Gilla Band - Most Normal Anciennement appelé Girl Band, et renommé en 2021 Gilla Band pour ne pas froisser une catégorie de personnes sensibles à tout ce qui touche à la notion de "non-inclusivité", le quatuor irlandais sort donc sous son nouveau sobriquet un troisième LP chez Rough Trade nommé Most normal. Qualifié à l'époque de leur deuxième album, de "trésor du rock moderne" par les Inrocks, ce quatuor fondé à Dublin en 2011 est obnubilé par le bruit, la saturation et les effets à outrance, ce qui a pour conséquence d'être non seulement totalement déroutant, mais de poser la question suivante : "Gilla Band est-il un groupe de rock ?" ou plutôt "Est-ce vraiment ça le rock moderne ?" pour faire suite aux propos des Inrocks. En effet, les guitares n'ayant souvent même pas le son de guitares, l'écoute de Most normal nous permet d'en douter. Et pourtant, autour de la radicalité de ses morceaux plein de confusion, le groupe est capable de délivrer de bonnes compositions de rock ("Backwash", "I was away", "Post Ryan"). Mais peu importe, là n'est pas la question.
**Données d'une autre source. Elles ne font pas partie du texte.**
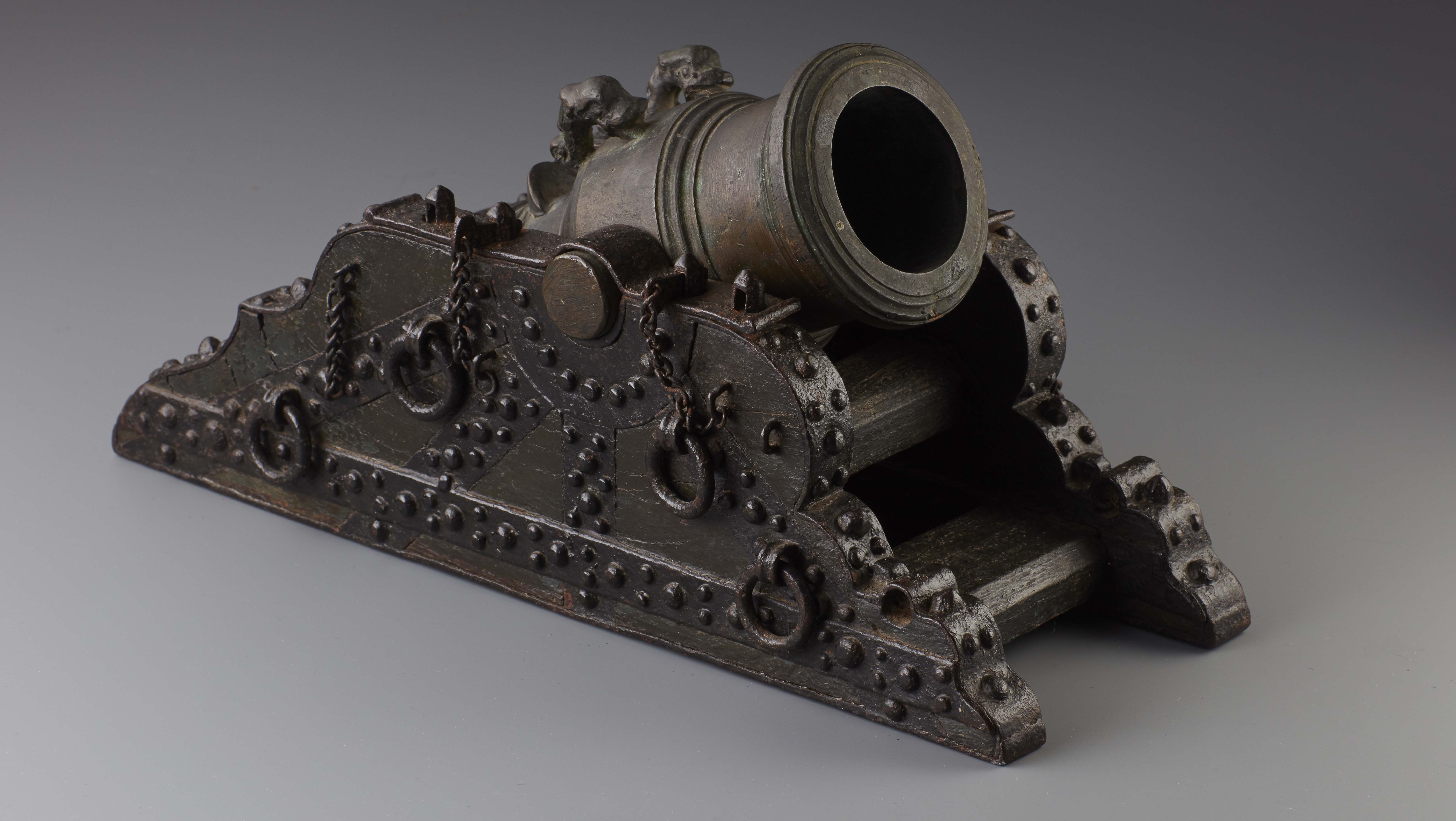 through the bar. Comparable to life-size mortars of that age chains secured these bolts, so they
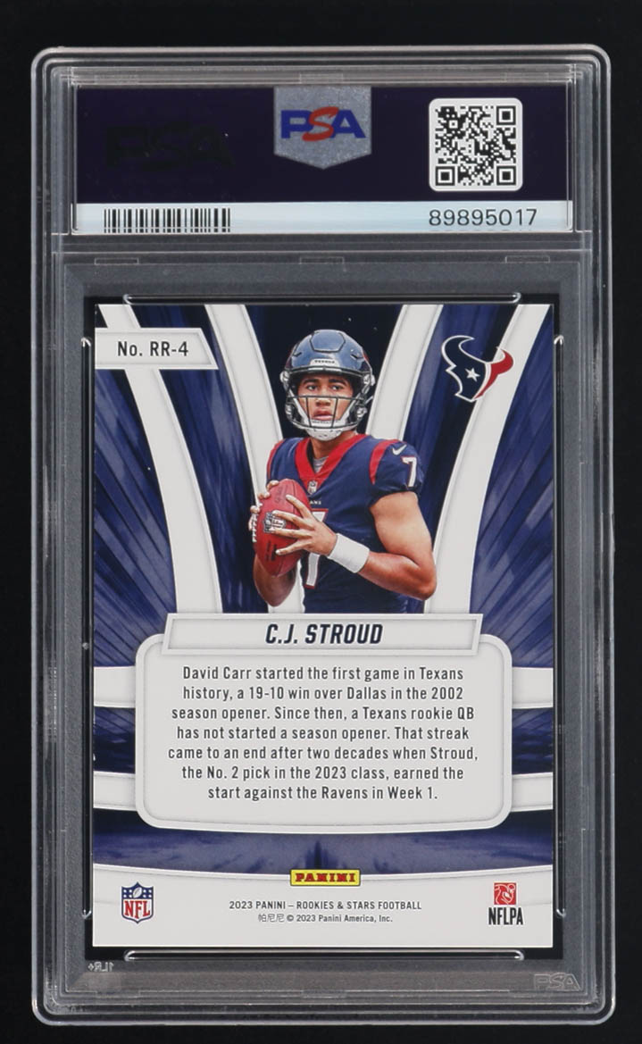 CJ Stroud 2023 Panini Rookies & Stars Rookie Rush-Red And Blue #RR4 RC #01/15 (PSA 9)
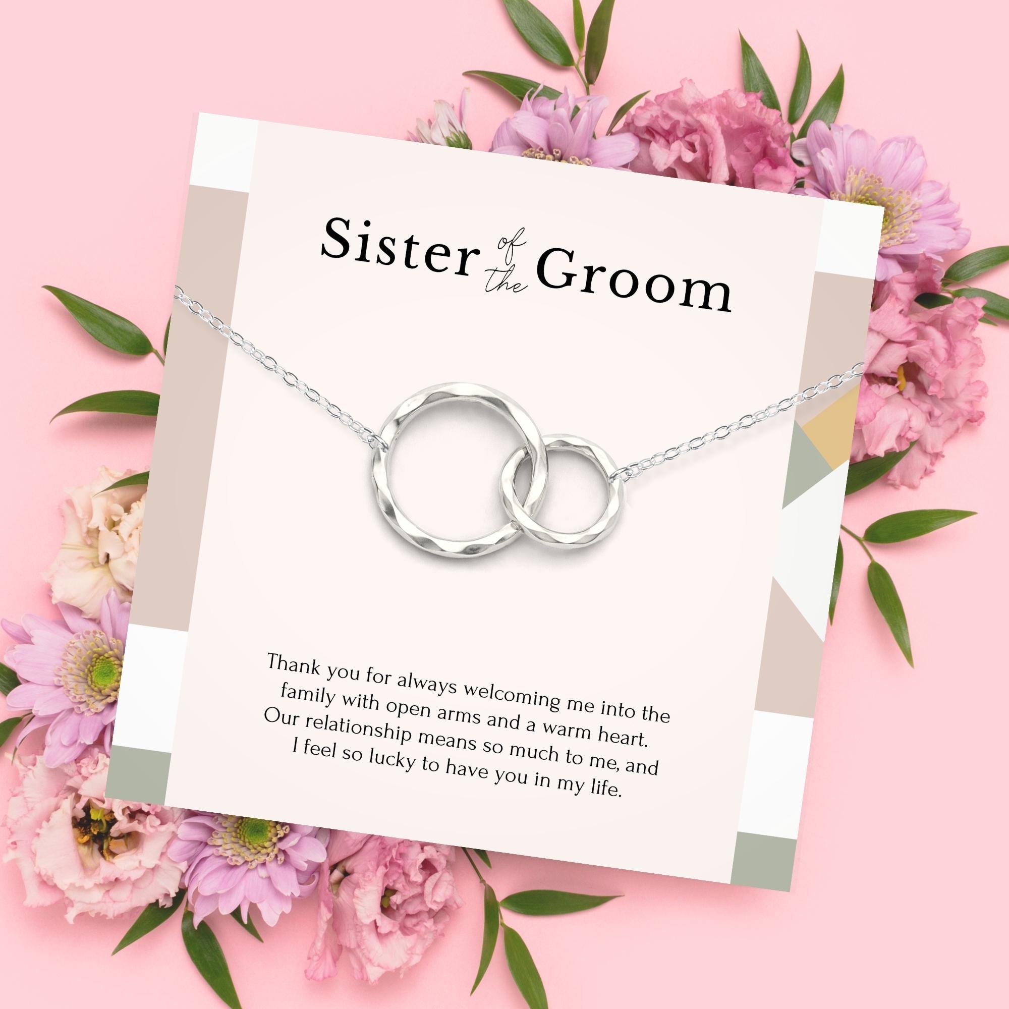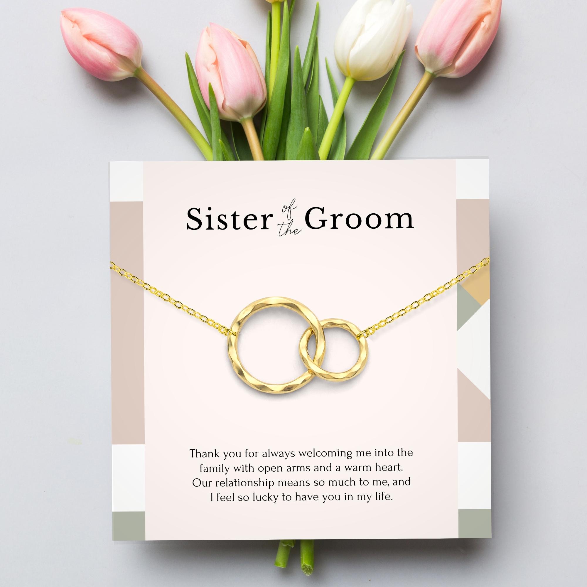 Sister of the groom gift, Sister in law wedding gift, Sister of the groom necklace with message, wedding gift from bride, Rehearsal Dinner Gift for SIL, Gold, Silver necklace

Comprendre ce nouvel album ambitieux n'est franchement pas facile et il peut devenir rebutant et chiant à certains moments ("Gushie", "Capgras", "Pratfall"), d'autant plus que le chanteur prend une place centrale au cœur des morceaux, ce qui n'arrange pas tout. Apparemment toujours en phase de guérison de sa maladie mentale, Dara Kiely n'en a cure des conventions en vociférant, parlant, marmonnant, déclamant ses textes mêlant humour, rage et peut-être même l'autodérision, et finit littéralement par nous asphyxier. Comme si l'objectif global du projet était de déconstruire, voire massacrer des (dé)compositions qui, parfois sont pas loin de l'effritement et de la rupture ("Bin linder fashion"). Évidemment, on ne sait jamais sur quel pied danser car la musique industrielle et expérimentale des Dublinois est la plupart du temps borderline.

À l'heure actuelle, ce disque pose encore beaucoup de questions et après l'avoir réécouté et analysé une pelleté de fois, on ne sait toujours pas s'il est diablement mauvais, juste moyen, ou s'il tient tout simplement du génie incompris, clairement parce qu'il sort de la norme établie par sa forme extrême, sa catharsis et fait dans le même temps preuve de surréalisme. L'avenir nous le dira. En comparaison, Daughters qui n'est pas si loin de Gilla Band sur pas mal d'aspects (le chant, les guitares triturées, la saturation, le côté malsain agressif et incontrôlable...), a davantage nos faveurs, ses œuvres étant mieux abouties.